Qualitative example from CodeForce.png
Qualitative example from CodeForces test set. Predicted code from the original prompt fails due to the use of array('H') (typed C arrays), which incurs significant iteration overhead, causing it to exceed the time limit with large numbers of iterations. The code generated from the optimized prompt passed all test cases.

Example 2: Multimodal AI agent

This AI agent is for Amazon to detect construction defects. The original and optimized prompts are shown below. We used the vision-language model qwen3-vl-235b-a22b on Amazon Bedrock to examine the images taken by inspectors and identify construction defect categories and risk levels. The optimization process looped in three iterations with 16 dev samples. The recommendations generated by the metric analyzer and instruction optimizer in Promptimus (including providing a role, a task objective, defect categories with examples, a category disambiguation section, analysis instructions with a decision tree, output format requirements, and critical output requirements) improved the image classification accuracy from 0.438 to 0.812. When we applied the optimized prompt to the test sample set (17 samples), accuracy improved from 0.471 to 0.529.

Qualitative example from Multimodal AI Agent dataset..png
Qualitative example from Multimodal AI Agent dataset.

Example 3: Defactify (multimodal fact verification)

This is a comprehensive framework for evaluating an LLM’s ability to perform multimodal fact verification, detect misinformation, and identify AI-generated content.
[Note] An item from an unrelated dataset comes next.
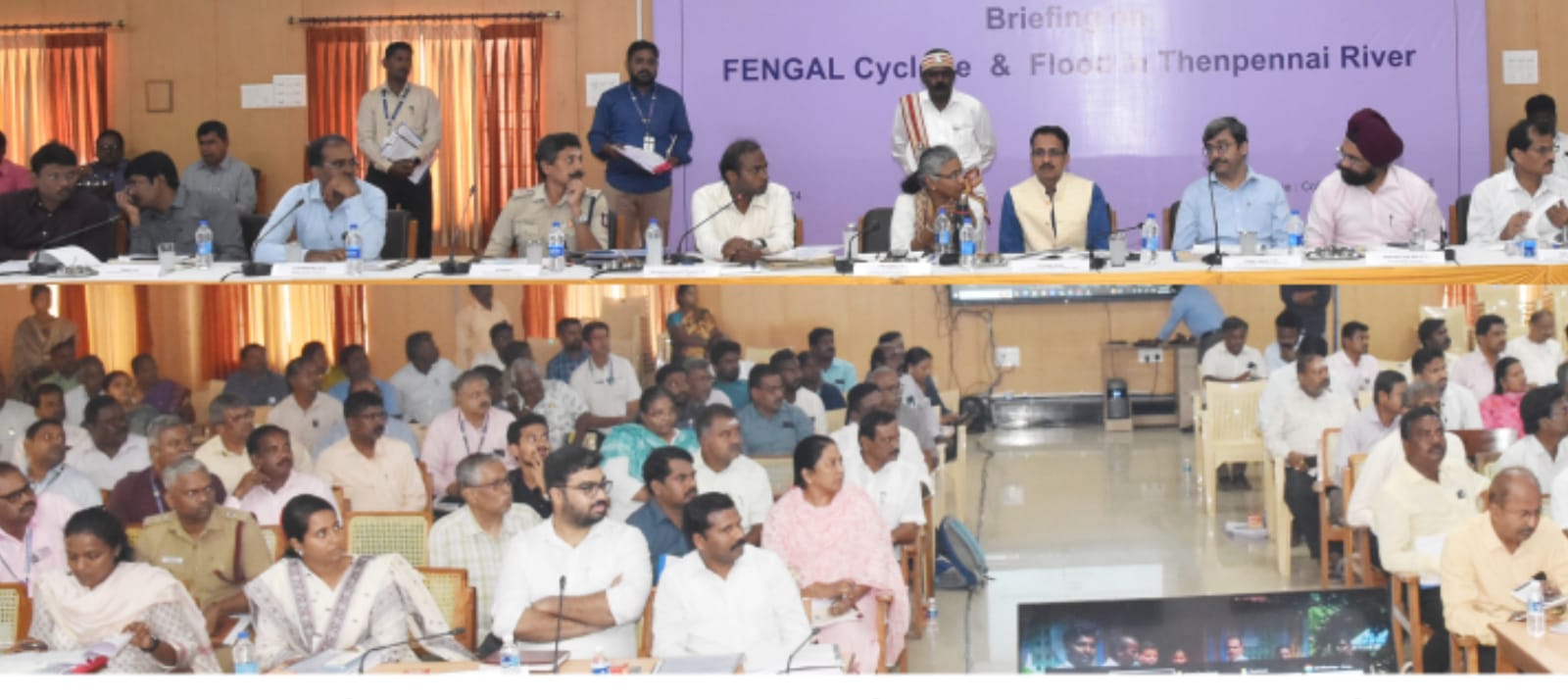 கடலூர் மாவட்டத்தில் பெஞ்சல் புயல் காரணமாக பெய்த கனமழையால் ஏற்பட்ட சேதங்கள் குறித்த மதிப்பீட்டுக் கூட்டத்தில் ஒன்றிய உள்துறை அமைச்சகத்தின் பேரிடர் மேலாண்மை இணை செயலாளர் முனைவர் இராஜேஷ் குப்தா தலைமையில் அனைத்து துறை அலுவலர்களுடன் ஆய்வுக்கூட்டம் நடைபெற்றது

The Promptimus metric analyzer found that the model defaults to ''Real'' for photorealistic AI-generated images. The optimizer introduces an adversarial dual-hypothesis framework with asymmetric weighting that biases the model toward “AI-generated”. For example, with the original prompt, the model dismisses a clock with garbled numbers as an “artistic design choice” and is fooled by photorealistic textures. After optimization, by contrast, the adversarial dual-hypothesis protocol forces systematic signal enumeration, catching the garbled clock numerals that the baseline dismissed.

Qualitative example from Defactify dataset..png
Qualitative example from Defactify dataset.
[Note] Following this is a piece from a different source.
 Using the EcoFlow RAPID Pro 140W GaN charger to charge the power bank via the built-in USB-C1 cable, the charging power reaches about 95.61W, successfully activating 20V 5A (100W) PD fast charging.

Conclusion and future work

Compared to other metric-driven prompt optimization approaches, Promptimus excels at preventing exploitation through targeted and exploitation-focused refinements. It is fully generalizable, adaptive to user-defined metric functions and task domains without manual engineering. The dense feedback loop drives automatic analysis on metric-function code, identifies debugging checkpoints, and generates adaptive, task-aware exploration strategies that target the specific failure modes of each prompt-and-task combination.
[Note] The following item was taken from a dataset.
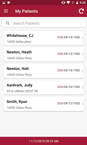 It will list the patient name in bold, address below and DOB to the right. To narrow the list, start typing the patient's first or last name in the Search bar at the top of the screen. Tap on the patient to open the Patient's Chart.

Particularly, our approach is sample efficient, requiring only a small number of dev examples (typically 20–50) to drive significant improvements, fitting it for enterprise scenarios where labeled data is scarce or expensive to obtain. Furthermore, its model-agnostic design enables it to rapidly adapt prompts to target models for seamless enterprise-level model migration. We are making this innovation available through Amazon Bedrock to enable model migration for enterprise generative-AI applications with zero manual engineering and minimal labeled datasets.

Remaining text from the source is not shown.